Feeding Fewer Than 9 Billion

wheat harvest in Punjab, IndiaRuth Fremson, The New York Times Wheat is harvested in India’s Punjab state.

Discussions of food policy, climate change, international security and many other global issues often take place in isolation, cut off from consideration of other factors delineating the pinch points as humanity’s population and appetites crest in the next couple of generations.

Robert J. Walker, executive vice president of the Population Institute, noted this tendency in a commentary responding to the package of reports on feeding 9 billion humans in the journal Nature that I wrote about here yesterday. He e-mailed me a link to his piece on the institute’s blog. Here’s the opening section and a link to the rest. I encourage you to ponder his points about the relative value of investments in initiatives that can increase the amount of food or reduce the number of mouths. Have a look and weigh in below.

The writers and editors at Nature this past week boldly proclaimed, with some carefully qualified caveats, that producing enough food for the world’s population in 2050 will be easy.

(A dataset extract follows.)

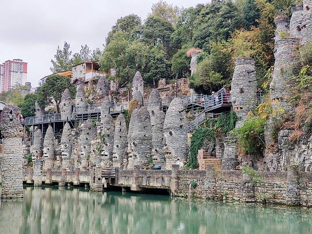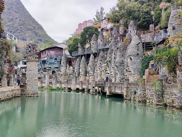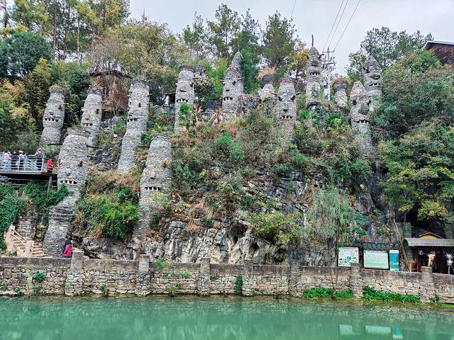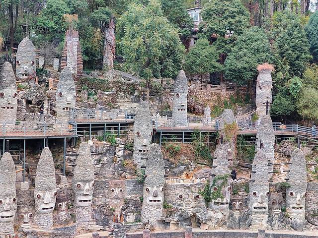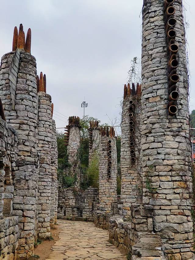 第二天的旅途在花溪,夜郎谷和青岩古镇。花溪夜郎谷位于贵州省贵阳市花溪区境内。占地200多亩。与花溪夜郎谷相对的斗蓬山相传曾是夜郎王后继金竹司的住所。山顶上至今仍保留着古夜郎屯堡的遗址,花溪夜郎谷也因此得名。1994年,宋培伦受美国南达科他州疯马山创作者、著名雕刻家克扎克“愚公移山”般的精神所激励,回国后打造夜郎国。为了减少作品创作过程中的干扰,整个夜郎谷皆由宋培伦个人出资打造。为了降低建造成本,夜郎谷大多就地取材。这个神秘的石头王国还在持续建造中。

Maybe not. Sending humans to the moon and safely returning them to the Earth is easy.  Been there, done that.  Feeding 9 to 9.5 billion people or more by 2050?  Not so easy. We’ve never done that.  And there are good reasons to believe we might not be able to.

Let’s take a closer look at what the writers at Nature said, and do a little dissecting.

In 2009, more than 1 billion people went undernourished — their food intake regularly providing less than minimum energy requirements — not because there isn’t enough food, but because people are too poor to buy it. At least 30% of food goes to waste.

Scientists, like everyone else on this planet, need to differentiate the theoretical from the economical and the practical.  If, as a result of grain embargoes by Russia and (possibly) Ukraine, the price of bread doubles this year, the impact on the world’s urban poor — many of whom are living on less than $1.25 a day — will be devastating.  And it matters not whether wheat reserves are rotting in India or whether Russia and Ukraine have surplus wheat. And it doesn’t matter how many bread crumbs we discard.

The dictates of the marketplace can be brutal. There is plenty of money in the world, far more than is needed to eliminate severe poverty, but severe poverty persists.  In a global economy, where people’s ability to feed themselves depends on the cost of rice or bread, hunger can exist on a wide scale, even if there is plenty of food–in theory–to go around.

Don’t believe that?  Take a look at what’s happening today in the African Sahel. Last month, Josette Sheeran, the executive director of the World Food Program (WFP), warned that, as a consequence of widespread hunger, Niger was in danger of “losing a generation.”  She said that the development of children under the age of five in Niger will be severely impaired unless food relief arrives soon. WFP plans to reach 4.5 million people in the region in the next few months, but Sheeran warned that the situation is deteriorating rapidly and that WFP needs about $100 million to bridge the funding gap.

Here’s what Nature said about the last global food crisis:

The 2008 food crisis, which pushed around 100 million people into hunger, was not so much a result of a food shortage as of a market volatility — with causes going far beyond supply and demand.

Wrong.  During the 2007-8 food crisis the prices of wheat and corn doubled, while the price of rice tripled.  Why?  Because the world’s grain reserves during that period fell to the lowest levels in several decades. While market volatility may have contributed in some small measure, food production was not keeping up with demand.  When grain reserves grow dangerously low, speculators will always drive up prices. Scarcity always does.

Here’s what Nature said about projected population growth:

Scientists long feared a great population boom that would stress food production, but population growth is slowing and should plateau by 2050 as family size in almost all poorer countries falls to roughly 2.2 children per family.